The Investec-backed study lists Ireland's largest indigenous companies by sales with building materials group CRH topping the list. Collectively the entire list reported €139.5bn in sales with businesses in the construction and engineering sector amounting to the second-largest proportion of contributors.

Investec head of treasury Aisling Dodgson said the success of indigenous firms can sometimes be overlooked in what is becoming a more globalised market.

"The analysis demonstrates the true scale of Irish businesses which we classify as 'Born in Ireland' - companies with their origin in the country which either have grown on the back of serving the domestic market, through exports or by growing their business serving markets beyond our shores," she said.

Vision-net compiled the data for the new research and only included companies that have filed accounts in 2014 or later.

Charities, inversion deals and dissolved companies were all excluded from the report.

The report shows the size of Irish exporters and their importance to the economy, which is set to grow at a slower rate as a result of Britain's decision to leave the European Union. However, despite the looming exit of Ireland's most important export destination, Investec head of macro-financial research Philip O'Sullivan said Brexit must be put into perspective.

"It is worth noting that five-sixths of Irish exports now go to markets other than the country's next door neighbour.

"Notwithstanding this moderation, and barring any more statistical anomalies, the Irish economy is still likely to turn in some of the strongest growth in the European Union in both this year and the next," he said.

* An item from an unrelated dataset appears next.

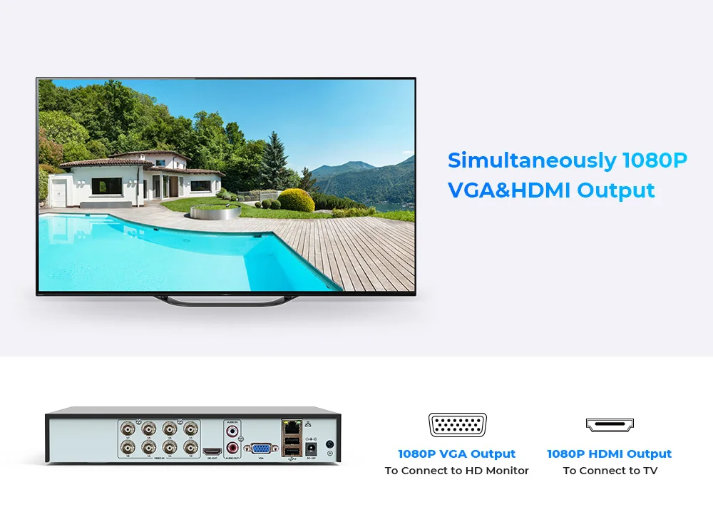 Поддержка 5 видов различных камер (аналоговая камера, AHD камера, CVI камера, TVI камера, IP камера), это обеспечивает гибкие варианты комбинации;

Ireland's heavy hitters are right near the top of the list with utilities firm DCC coming in at second with a turnover of €14.48bn.

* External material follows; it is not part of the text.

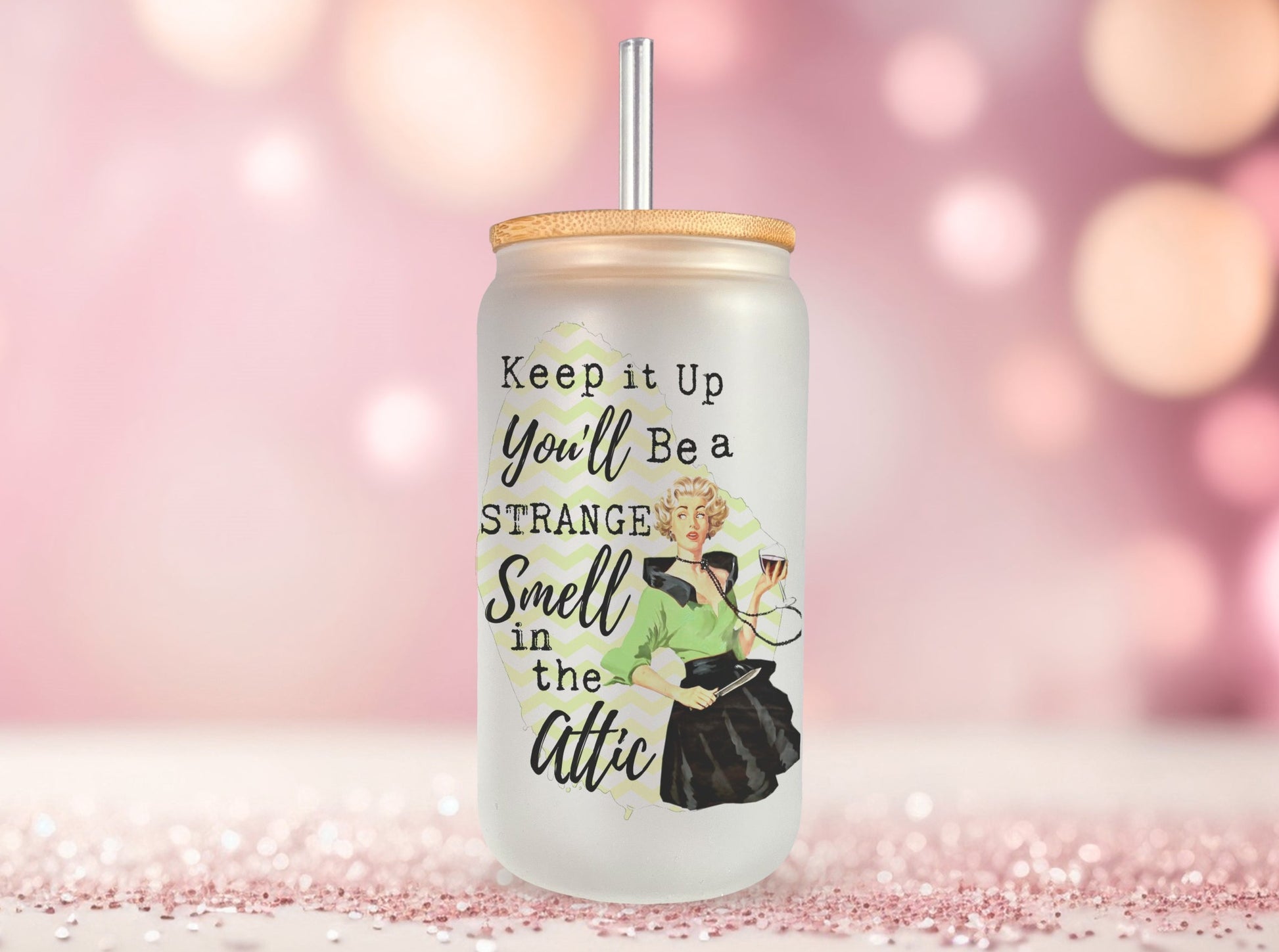 Keep It Up You'll Be a Strange Smell Glass Can, Funny Retro Housewives Iced Coffee Cup

Swiss-Irish food firm Aryzta comes in at tenth with sales of just under €3.3bn.

Outside of DCC, Topaz, Tullow Oil, Eirgrid, and Maxol all make up the top five Irish utilities companies. Nearly 90 of the companies on the list are in Dublin with Cork coming in second place.

A total of 25 businesses from Munster were listed, bringing the region's haul up to €15bn, €3bn more than that of Leinster's when Dublin is excluded.

Eleven firms from Munster made the list with Ulster counties contributing six entries.

Dublin's turnover dwarfed all of the other regions, bringing in €106.8bn in revenue, more than seven times the intake of Munster. IEA chief executive Simon McKeever said the export sector remains key to the recovery.

"Ireland is now looking at the very real possibility of the UK leaving the EU by 2019 and this move will affect indigenous Irish exporters more than most given the close bi-lateral trade agreement that exists between us."

The IEA chief highlighted the importance of nailing down a trade deal with the UK after it executes Article 50.